If you are experiencing emotional, mental and/or psychological trauma from a past abortion in the family –whether you are the mother, father, or another family member—you are not alone.  Some places to turn for help and healing include Carenet Pregnancy Center of Nashua and Manchester (http://carenetnh.org/) if you are in New Hampshire, or for those anywhere in the world:  the Silent No More Awareness Campaign, or Rachel’s Vineyard.

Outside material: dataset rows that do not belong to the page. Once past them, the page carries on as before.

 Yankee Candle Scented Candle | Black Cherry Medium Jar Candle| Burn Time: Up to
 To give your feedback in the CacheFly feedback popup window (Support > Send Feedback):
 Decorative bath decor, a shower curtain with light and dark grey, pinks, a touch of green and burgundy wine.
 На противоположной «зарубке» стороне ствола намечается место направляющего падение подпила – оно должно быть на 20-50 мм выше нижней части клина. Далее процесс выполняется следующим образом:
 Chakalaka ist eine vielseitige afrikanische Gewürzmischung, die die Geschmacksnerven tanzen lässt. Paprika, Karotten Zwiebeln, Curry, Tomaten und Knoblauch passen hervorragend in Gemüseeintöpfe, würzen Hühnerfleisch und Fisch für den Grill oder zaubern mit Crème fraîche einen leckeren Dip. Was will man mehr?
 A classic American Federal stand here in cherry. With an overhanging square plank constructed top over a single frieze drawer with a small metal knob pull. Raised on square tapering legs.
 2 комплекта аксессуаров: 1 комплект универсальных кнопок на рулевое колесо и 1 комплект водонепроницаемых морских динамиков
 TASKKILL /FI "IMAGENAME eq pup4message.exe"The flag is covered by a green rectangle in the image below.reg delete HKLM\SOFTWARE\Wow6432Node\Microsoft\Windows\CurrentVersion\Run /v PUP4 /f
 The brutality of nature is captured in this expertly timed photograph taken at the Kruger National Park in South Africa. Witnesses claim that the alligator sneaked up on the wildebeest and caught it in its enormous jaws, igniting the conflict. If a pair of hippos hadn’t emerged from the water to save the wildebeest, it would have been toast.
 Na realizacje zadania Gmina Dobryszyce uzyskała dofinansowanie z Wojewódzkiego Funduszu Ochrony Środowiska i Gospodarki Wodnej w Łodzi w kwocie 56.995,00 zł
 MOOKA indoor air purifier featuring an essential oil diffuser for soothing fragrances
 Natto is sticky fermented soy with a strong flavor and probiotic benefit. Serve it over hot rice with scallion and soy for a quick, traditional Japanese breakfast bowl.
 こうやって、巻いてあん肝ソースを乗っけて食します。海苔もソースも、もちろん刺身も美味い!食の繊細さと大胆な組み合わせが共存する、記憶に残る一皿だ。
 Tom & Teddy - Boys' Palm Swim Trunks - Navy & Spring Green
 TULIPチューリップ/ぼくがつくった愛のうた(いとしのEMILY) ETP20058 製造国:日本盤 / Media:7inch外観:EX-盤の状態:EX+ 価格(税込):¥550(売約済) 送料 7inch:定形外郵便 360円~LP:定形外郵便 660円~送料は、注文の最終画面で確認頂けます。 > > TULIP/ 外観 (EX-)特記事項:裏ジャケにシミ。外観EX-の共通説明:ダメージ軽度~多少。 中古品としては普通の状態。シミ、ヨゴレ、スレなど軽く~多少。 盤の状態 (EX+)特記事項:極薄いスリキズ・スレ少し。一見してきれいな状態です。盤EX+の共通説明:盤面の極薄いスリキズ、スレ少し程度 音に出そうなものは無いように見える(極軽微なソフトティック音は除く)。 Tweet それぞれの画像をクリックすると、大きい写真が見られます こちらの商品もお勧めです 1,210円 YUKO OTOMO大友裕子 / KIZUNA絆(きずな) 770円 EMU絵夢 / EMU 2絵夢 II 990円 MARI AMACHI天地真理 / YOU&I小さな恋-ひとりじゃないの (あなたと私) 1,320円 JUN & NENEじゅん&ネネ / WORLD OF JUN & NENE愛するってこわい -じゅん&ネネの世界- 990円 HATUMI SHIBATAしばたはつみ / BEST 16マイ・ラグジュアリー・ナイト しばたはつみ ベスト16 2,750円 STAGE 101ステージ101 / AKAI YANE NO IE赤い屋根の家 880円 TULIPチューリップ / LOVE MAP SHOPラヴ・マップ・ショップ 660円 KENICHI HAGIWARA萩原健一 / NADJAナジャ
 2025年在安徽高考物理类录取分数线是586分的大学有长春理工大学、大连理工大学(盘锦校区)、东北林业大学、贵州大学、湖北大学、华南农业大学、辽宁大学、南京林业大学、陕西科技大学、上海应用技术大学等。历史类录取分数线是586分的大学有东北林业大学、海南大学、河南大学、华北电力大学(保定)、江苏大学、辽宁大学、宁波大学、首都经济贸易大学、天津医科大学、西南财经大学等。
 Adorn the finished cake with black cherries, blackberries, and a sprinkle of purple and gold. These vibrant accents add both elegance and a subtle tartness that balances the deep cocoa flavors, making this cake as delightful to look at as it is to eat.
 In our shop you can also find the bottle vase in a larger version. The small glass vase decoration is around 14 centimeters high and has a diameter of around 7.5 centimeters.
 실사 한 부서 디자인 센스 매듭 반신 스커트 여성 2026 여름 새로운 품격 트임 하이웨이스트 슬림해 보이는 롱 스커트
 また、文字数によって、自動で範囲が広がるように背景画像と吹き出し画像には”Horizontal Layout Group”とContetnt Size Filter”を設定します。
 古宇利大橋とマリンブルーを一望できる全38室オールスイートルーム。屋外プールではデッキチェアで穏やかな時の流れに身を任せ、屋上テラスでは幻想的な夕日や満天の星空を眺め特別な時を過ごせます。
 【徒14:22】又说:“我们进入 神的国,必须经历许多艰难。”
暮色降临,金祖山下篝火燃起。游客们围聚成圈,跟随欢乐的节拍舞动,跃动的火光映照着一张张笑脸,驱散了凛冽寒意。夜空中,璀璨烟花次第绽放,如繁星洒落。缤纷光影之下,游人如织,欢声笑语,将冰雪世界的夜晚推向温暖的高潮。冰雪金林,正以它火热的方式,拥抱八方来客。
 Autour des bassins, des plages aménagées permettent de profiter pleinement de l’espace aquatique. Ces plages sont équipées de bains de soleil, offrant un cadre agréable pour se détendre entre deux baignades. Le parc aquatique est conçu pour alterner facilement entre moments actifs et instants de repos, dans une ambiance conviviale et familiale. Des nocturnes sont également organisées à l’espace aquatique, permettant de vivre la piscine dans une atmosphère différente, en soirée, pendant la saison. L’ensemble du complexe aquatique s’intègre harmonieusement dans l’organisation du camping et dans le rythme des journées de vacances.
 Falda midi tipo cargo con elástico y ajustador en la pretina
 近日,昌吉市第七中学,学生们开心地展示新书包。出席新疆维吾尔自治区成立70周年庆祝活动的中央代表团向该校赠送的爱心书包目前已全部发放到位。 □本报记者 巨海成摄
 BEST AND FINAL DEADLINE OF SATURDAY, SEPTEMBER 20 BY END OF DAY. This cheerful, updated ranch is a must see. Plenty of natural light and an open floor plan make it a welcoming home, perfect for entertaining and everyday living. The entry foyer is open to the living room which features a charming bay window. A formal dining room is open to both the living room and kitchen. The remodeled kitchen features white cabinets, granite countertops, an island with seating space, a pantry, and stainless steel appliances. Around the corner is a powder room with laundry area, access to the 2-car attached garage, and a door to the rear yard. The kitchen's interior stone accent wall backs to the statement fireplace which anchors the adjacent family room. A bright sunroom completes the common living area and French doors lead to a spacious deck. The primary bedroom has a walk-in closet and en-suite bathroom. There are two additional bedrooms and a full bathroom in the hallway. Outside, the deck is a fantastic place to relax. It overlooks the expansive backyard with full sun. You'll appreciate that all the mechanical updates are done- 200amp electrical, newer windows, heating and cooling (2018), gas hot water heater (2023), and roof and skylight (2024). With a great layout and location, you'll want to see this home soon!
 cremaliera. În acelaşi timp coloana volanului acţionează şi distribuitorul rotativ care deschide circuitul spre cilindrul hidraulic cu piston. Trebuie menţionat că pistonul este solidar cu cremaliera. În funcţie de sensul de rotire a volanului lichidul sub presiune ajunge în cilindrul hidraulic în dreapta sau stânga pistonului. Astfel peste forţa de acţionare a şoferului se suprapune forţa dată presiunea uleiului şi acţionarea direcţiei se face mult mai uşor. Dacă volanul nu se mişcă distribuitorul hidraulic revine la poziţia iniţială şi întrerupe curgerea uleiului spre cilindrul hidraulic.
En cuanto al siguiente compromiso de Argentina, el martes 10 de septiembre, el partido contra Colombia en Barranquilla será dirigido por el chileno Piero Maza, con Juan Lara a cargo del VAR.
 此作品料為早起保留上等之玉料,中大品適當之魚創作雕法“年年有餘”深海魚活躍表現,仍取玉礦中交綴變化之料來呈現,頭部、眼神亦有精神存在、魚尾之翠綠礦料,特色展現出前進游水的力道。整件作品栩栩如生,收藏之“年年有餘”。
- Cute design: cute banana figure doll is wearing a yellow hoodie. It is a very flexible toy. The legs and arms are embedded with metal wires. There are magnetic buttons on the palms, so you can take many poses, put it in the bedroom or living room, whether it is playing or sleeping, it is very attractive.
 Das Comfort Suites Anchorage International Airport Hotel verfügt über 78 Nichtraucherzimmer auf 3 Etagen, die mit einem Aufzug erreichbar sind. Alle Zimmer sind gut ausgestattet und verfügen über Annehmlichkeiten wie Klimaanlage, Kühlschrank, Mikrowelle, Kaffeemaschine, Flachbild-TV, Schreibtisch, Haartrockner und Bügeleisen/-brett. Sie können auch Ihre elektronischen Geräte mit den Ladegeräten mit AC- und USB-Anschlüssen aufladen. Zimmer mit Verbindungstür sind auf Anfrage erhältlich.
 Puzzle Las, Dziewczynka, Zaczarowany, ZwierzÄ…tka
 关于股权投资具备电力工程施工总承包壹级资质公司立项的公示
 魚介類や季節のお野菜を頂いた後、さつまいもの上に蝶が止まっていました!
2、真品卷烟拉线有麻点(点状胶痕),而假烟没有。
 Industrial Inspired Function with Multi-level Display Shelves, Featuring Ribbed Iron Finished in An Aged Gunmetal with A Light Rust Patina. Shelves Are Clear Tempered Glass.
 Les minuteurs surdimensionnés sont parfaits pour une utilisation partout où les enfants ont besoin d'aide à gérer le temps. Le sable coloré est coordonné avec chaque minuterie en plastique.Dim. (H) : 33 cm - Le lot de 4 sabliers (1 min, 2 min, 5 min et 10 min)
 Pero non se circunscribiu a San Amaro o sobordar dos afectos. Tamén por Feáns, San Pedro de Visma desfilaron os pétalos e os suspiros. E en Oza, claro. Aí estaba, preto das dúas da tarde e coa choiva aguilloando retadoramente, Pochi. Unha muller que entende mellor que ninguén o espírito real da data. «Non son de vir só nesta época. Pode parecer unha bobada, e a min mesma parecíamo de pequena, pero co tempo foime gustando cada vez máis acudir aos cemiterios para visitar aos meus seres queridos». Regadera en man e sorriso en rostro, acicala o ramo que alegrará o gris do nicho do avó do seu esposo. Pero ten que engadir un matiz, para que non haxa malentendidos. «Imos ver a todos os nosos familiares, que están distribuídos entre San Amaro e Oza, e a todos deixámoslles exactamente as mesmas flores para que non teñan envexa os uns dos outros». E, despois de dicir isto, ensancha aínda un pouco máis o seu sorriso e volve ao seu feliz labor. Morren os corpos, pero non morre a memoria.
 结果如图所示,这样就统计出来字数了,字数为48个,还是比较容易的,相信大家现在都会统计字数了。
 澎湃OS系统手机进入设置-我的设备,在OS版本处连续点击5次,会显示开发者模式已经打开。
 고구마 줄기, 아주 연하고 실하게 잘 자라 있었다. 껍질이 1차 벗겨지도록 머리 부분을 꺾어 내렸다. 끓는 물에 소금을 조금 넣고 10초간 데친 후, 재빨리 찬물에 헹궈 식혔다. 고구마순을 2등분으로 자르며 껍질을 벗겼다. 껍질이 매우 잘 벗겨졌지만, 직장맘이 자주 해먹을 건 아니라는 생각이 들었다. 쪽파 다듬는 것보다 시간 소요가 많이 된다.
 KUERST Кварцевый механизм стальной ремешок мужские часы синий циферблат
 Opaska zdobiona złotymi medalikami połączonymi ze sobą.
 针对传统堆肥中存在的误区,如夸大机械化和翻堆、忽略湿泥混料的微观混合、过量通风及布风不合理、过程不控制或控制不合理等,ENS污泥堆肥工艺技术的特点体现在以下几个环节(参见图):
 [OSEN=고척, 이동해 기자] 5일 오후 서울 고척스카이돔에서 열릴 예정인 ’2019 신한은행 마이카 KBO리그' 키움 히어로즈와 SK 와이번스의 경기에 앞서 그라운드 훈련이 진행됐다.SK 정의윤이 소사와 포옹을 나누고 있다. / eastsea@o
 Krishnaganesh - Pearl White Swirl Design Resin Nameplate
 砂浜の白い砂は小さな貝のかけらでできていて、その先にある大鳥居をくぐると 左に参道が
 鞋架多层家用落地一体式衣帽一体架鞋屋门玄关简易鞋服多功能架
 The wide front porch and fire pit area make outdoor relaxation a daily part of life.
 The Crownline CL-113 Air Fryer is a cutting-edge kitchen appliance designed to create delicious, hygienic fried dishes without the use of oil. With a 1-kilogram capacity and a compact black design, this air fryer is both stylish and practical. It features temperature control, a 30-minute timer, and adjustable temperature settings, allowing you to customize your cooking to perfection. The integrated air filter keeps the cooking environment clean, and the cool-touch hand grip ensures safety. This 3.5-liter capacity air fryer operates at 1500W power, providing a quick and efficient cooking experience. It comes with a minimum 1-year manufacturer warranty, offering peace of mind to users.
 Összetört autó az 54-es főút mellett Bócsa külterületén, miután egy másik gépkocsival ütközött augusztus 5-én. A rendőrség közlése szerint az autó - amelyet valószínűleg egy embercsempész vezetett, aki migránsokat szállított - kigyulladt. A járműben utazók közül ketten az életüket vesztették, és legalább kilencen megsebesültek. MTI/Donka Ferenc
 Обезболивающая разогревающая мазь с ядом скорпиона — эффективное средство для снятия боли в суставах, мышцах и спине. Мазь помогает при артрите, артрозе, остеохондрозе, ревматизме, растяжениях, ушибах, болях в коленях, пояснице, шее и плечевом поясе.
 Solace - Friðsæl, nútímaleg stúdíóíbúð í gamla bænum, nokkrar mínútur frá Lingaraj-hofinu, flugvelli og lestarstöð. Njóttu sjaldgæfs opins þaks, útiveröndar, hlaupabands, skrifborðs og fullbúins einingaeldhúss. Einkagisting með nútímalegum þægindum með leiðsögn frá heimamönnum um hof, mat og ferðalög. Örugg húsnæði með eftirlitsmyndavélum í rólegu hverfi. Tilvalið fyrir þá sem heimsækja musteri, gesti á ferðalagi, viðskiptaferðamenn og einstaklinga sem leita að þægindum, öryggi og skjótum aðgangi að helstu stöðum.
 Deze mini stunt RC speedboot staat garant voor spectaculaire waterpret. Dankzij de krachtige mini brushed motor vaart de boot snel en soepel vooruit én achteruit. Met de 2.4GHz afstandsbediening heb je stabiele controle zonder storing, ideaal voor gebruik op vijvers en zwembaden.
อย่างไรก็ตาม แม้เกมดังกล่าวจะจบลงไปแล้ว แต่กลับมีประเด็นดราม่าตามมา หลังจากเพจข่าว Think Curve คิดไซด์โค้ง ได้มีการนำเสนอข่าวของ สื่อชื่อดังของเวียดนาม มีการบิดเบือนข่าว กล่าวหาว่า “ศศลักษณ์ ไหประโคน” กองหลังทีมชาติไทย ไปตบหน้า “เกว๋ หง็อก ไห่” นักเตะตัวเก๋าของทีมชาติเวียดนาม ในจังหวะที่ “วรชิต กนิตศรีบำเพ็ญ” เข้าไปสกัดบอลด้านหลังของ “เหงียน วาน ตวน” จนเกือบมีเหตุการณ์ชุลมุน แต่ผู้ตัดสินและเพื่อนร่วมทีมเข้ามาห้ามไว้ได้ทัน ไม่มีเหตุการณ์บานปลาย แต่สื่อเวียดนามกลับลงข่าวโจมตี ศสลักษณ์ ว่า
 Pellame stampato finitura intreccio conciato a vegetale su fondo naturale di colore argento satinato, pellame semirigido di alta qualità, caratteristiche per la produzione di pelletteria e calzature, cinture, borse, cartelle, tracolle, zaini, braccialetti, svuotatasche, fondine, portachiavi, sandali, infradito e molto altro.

Disclaimer:  One of my biases is that I believe people are pro-choice generally out of good intentions.  Not good reasons, mind you, but definitely good intentions.  It seems to me they want what is best for women and society.  They want to help women.  Some even feel abortion itself can be merciful.  I can’t think of any pro-choicers I am personally acquainted with who have evil ends in mind or want to do harm.  They do not tend to believe abortion is murder; if they did they would be pro-life.  I believe this in large part because many of my family and friends are pro-choice, but also in no small part because I was once myself pro-choice and it certainly was not out of malicious intent.  So, if you're looking for blanket demonization of people who are pro-choice you will not find it here, just FYI.